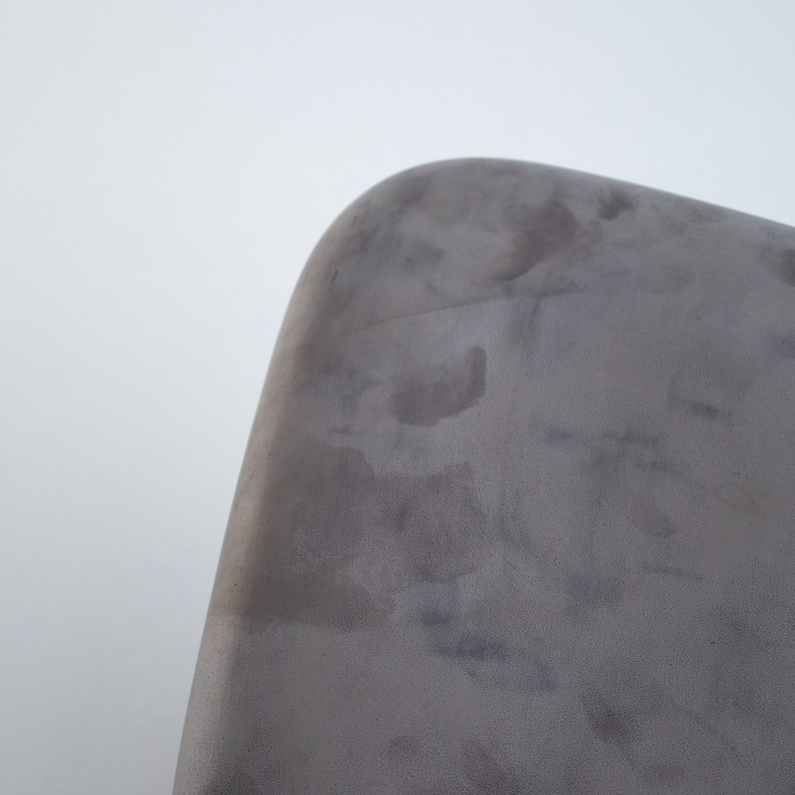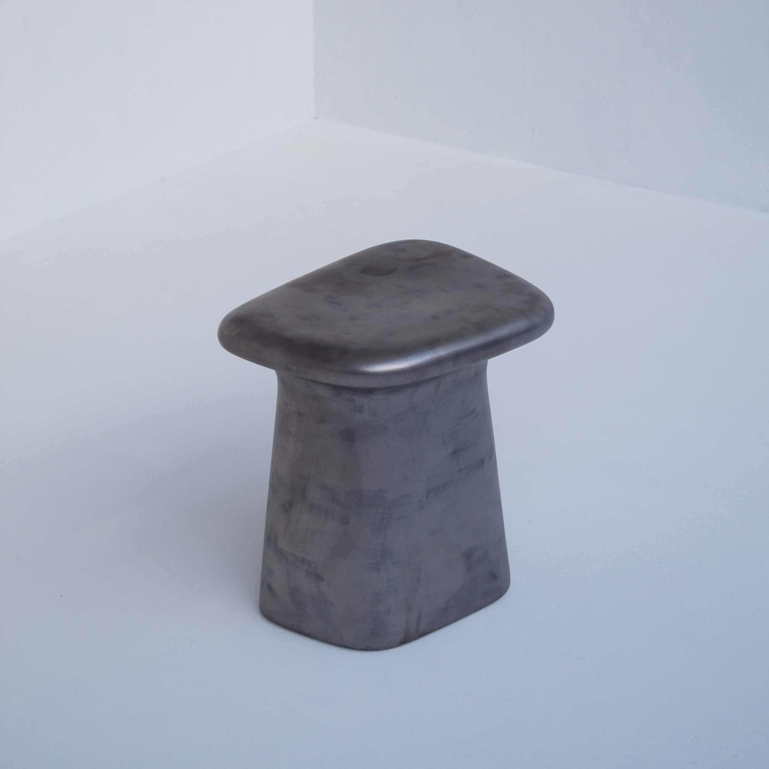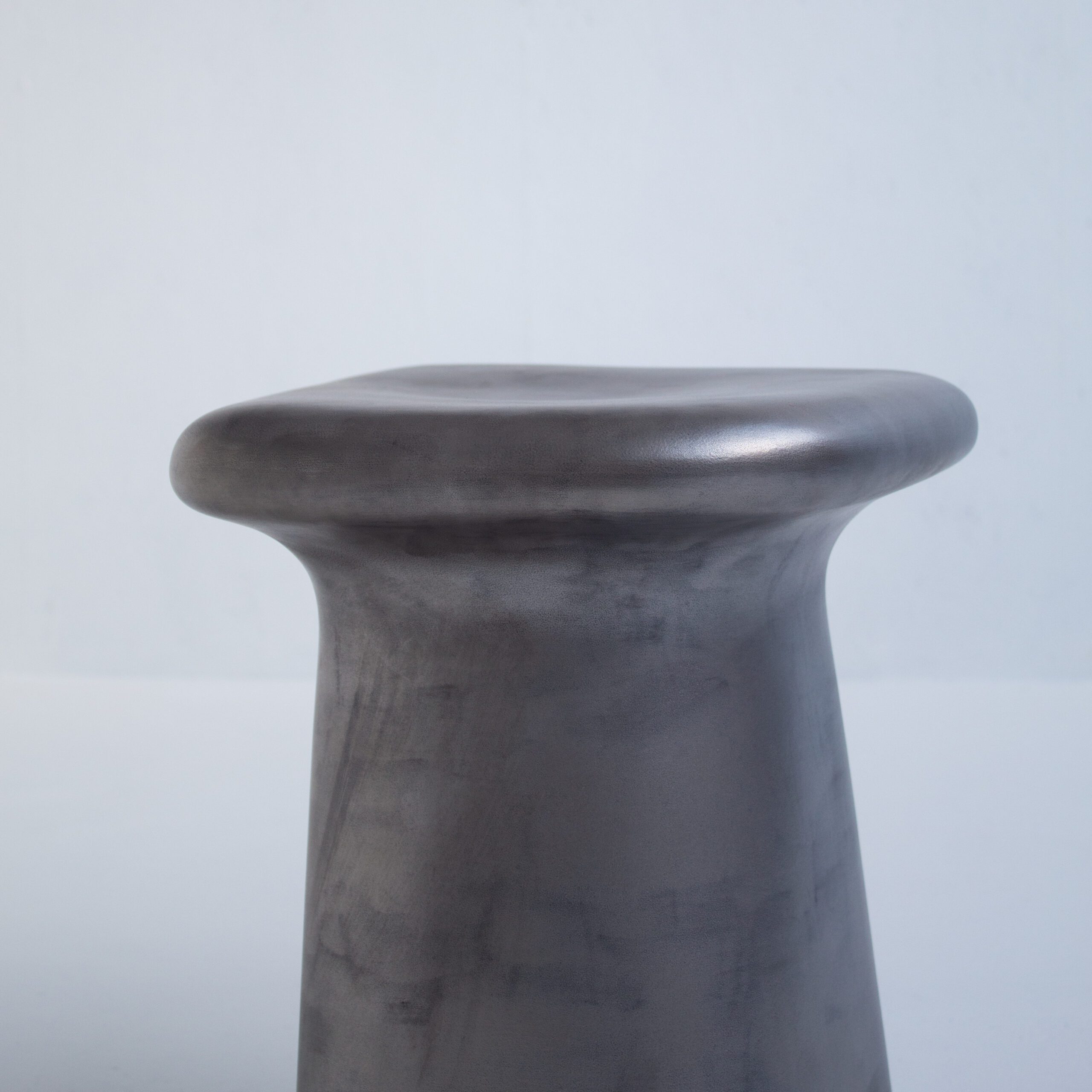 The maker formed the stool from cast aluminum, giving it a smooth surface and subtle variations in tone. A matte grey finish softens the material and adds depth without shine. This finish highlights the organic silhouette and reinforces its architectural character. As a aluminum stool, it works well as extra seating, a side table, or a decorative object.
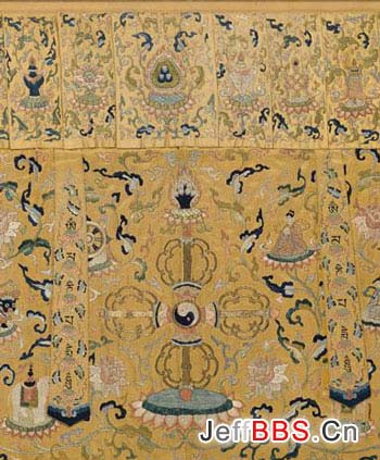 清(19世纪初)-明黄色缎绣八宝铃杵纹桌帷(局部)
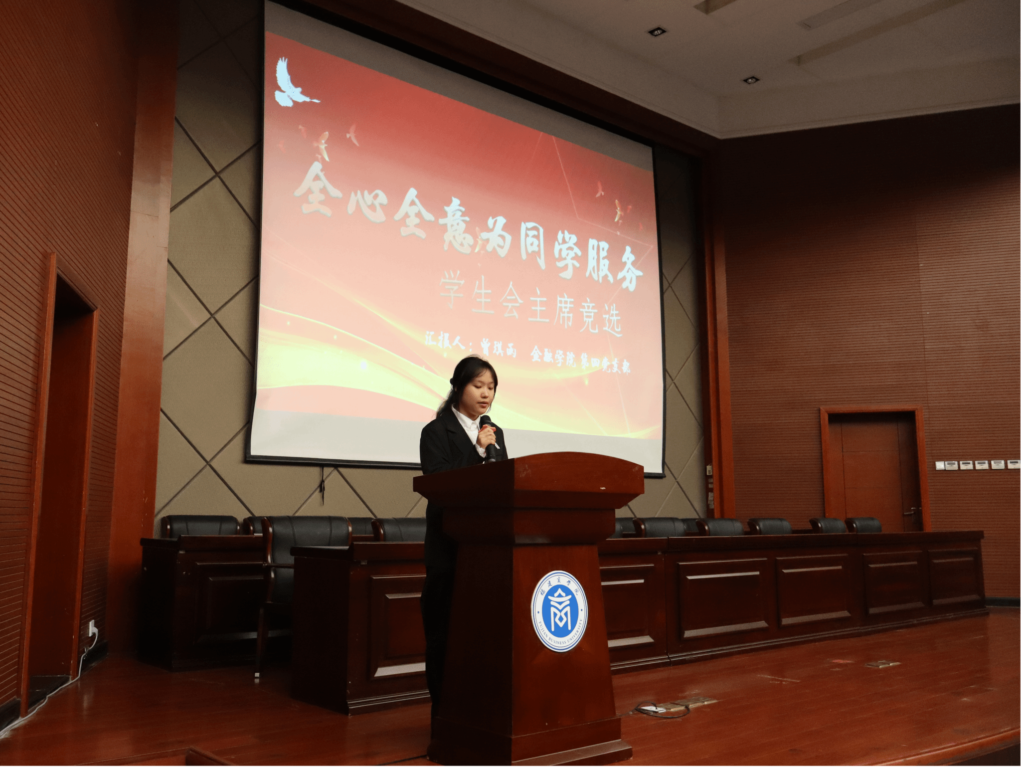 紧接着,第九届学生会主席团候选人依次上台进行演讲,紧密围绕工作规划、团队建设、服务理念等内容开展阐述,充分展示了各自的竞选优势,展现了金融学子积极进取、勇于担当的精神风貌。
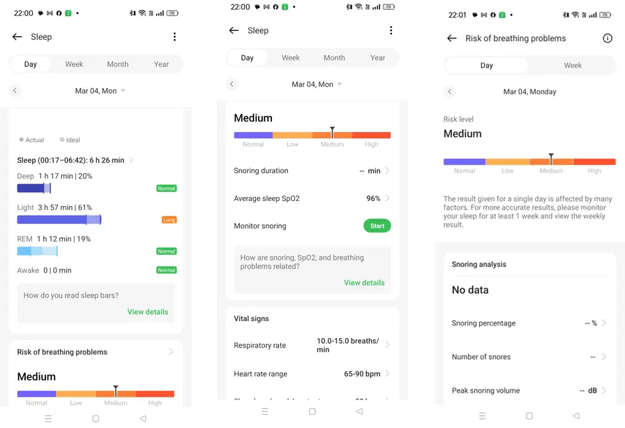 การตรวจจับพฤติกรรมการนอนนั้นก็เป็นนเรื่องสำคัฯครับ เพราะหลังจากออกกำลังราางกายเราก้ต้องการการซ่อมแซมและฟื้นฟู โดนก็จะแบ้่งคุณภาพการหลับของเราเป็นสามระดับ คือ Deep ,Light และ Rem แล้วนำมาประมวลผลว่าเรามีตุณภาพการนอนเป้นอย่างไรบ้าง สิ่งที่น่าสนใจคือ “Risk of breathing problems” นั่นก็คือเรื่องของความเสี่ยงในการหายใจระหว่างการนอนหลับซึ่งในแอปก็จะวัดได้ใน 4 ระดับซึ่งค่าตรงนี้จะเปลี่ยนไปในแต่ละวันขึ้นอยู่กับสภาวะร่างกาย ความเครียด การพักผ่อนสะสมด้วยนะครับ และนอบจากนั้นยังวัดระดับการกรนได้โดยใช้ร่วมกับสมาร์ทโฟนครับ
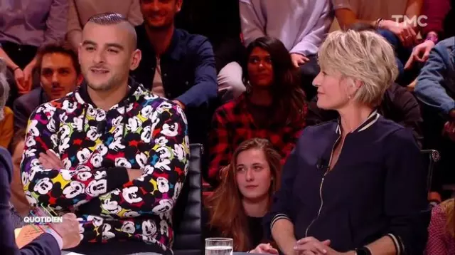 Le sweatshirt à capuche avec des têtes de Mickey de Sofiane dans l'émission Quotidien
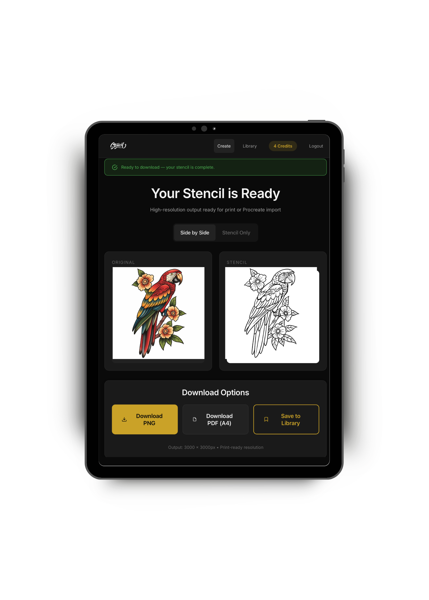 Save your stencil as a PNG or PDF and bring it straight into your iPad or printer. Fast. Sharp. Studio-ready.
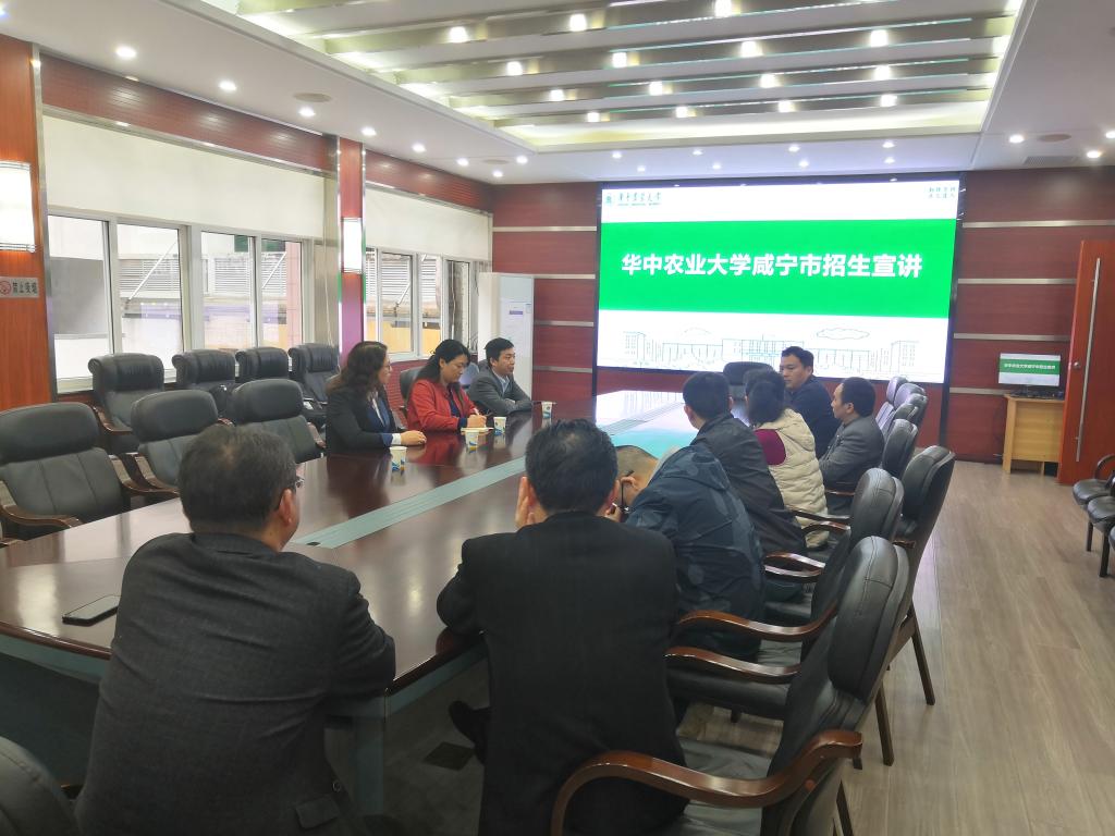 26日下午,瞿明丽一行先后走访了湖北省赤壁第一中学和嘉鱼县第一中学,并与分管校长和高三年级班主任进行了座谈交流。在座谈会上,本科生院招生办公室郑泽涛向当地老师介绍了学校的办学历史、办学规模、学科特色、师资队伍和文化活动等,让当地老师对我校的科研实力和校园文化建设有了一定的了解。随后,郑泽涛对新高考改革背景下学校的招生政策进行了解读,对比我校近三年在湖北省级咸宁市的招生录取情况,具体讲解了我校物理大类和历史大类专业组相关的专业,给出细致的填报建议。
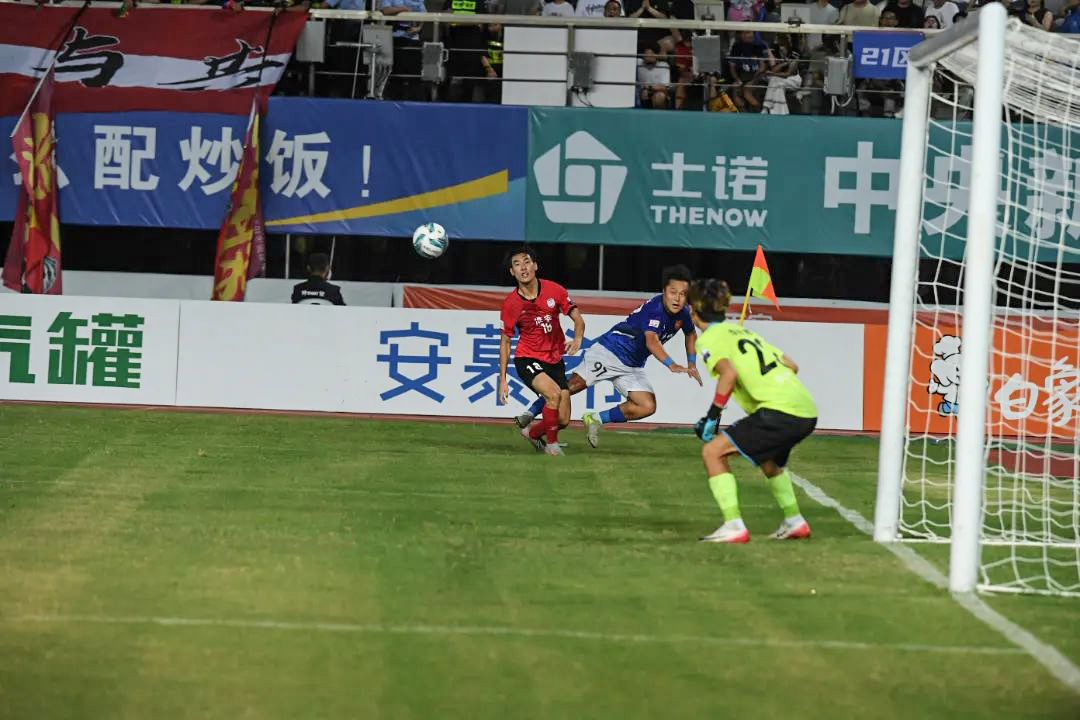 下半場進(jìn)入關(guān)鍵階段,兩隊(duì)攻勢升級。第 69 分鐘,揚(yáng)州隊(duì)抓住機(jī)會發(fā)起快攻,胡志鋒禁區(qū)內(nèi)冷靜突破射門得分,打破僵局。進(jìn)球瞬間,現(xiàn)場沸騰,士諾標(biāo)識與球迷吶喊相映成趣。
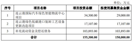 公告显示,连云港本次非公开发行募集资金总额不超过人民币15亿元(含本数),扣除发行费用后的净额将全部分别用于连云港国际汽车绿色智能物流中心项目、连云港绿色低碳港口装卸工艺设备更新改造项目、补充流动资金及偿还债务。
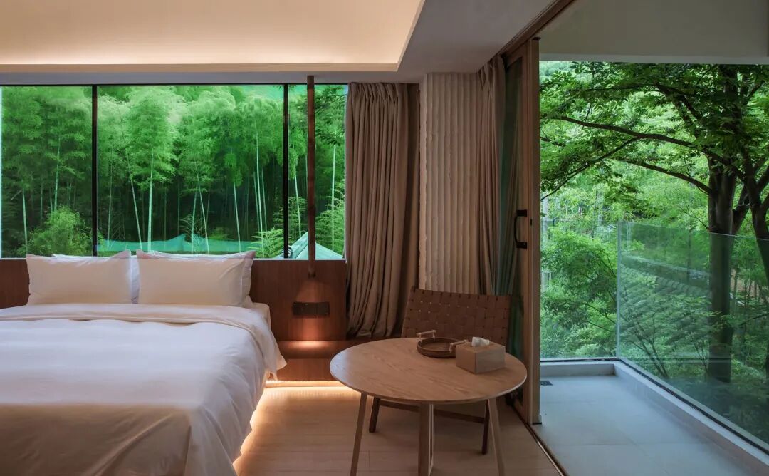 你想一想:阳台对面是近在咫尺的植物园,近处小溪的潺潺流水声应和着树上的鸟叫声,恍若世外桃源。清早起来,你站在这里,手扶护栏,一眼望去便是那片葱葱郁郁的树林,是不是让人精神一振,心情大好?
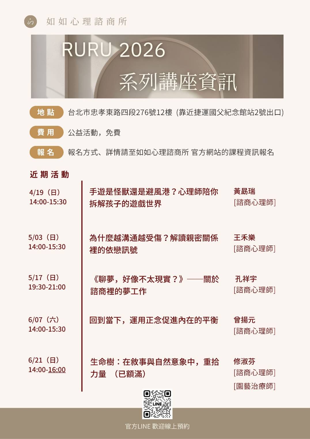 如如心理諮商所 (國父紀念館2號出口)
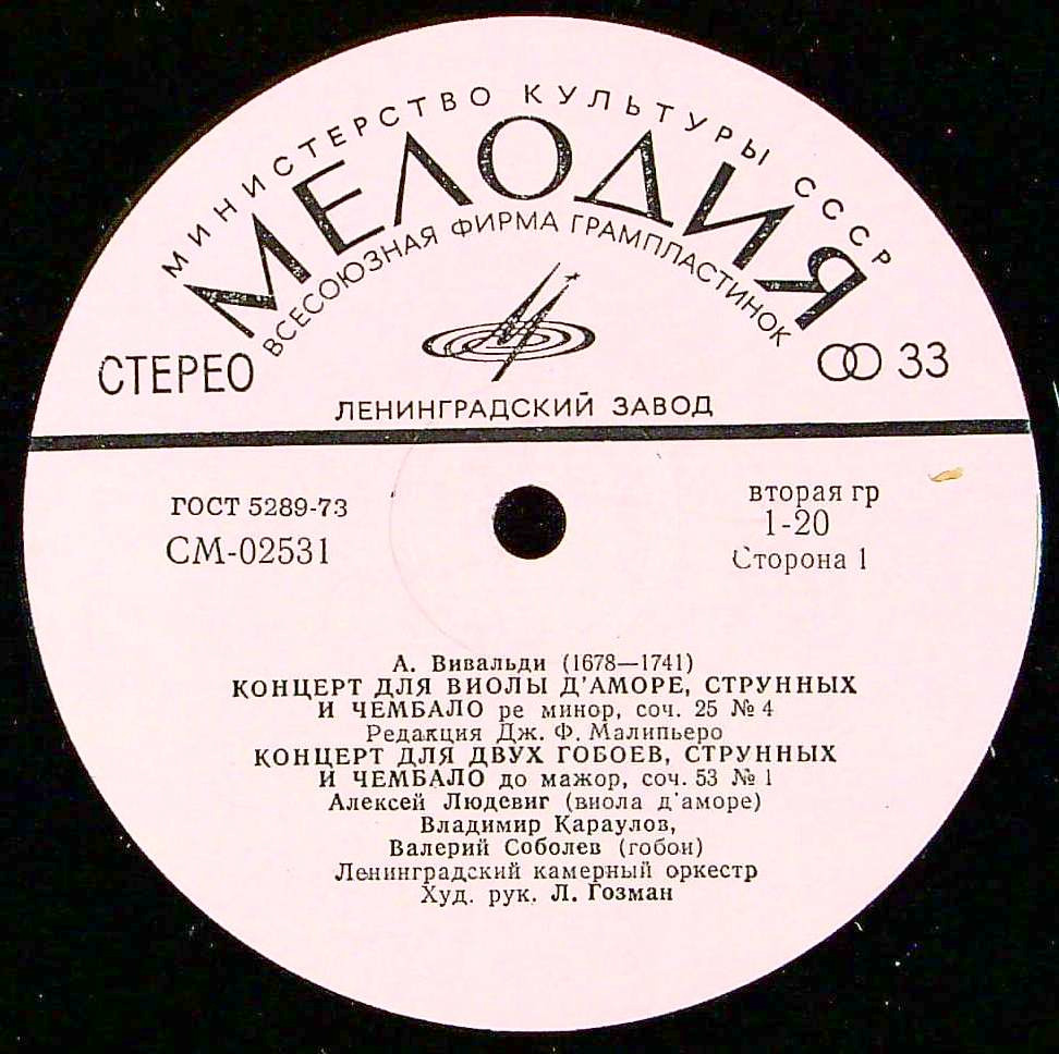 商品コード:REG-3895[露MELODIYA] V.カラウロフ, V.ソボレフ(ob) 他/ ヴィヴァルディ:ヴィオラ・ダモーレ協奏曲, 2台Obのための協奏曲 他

=-=-=

## REQUIREMENT
With every picture omitted, write out the material exactly from its first line through the line containing "紧接着,第九届学生会主席团候".

## RESULT FOR THIS TASK
 The maker formed the stool from cast aluminum, giving it a smooth surface and subtle variations in tone. A matte grey finish softens the material and adds depth without shine. This finish highlights the organic silhouette and reinforces its architectural character. As a aluminum stool, it works well as extra seating, a side table, or a decorative object.
 清(19世纪初)-明黄色缎绣八宝铃杵纹桌帷(局部)
 紧接着,第九届学生会主席团候选人依次上台进行演讲,紧密围绕工作规划、团队建设、服务理念等内容开展阐述,充分展示了各自的竞选优势,展现了金融学子积极进取、勇于担当的精神风貌。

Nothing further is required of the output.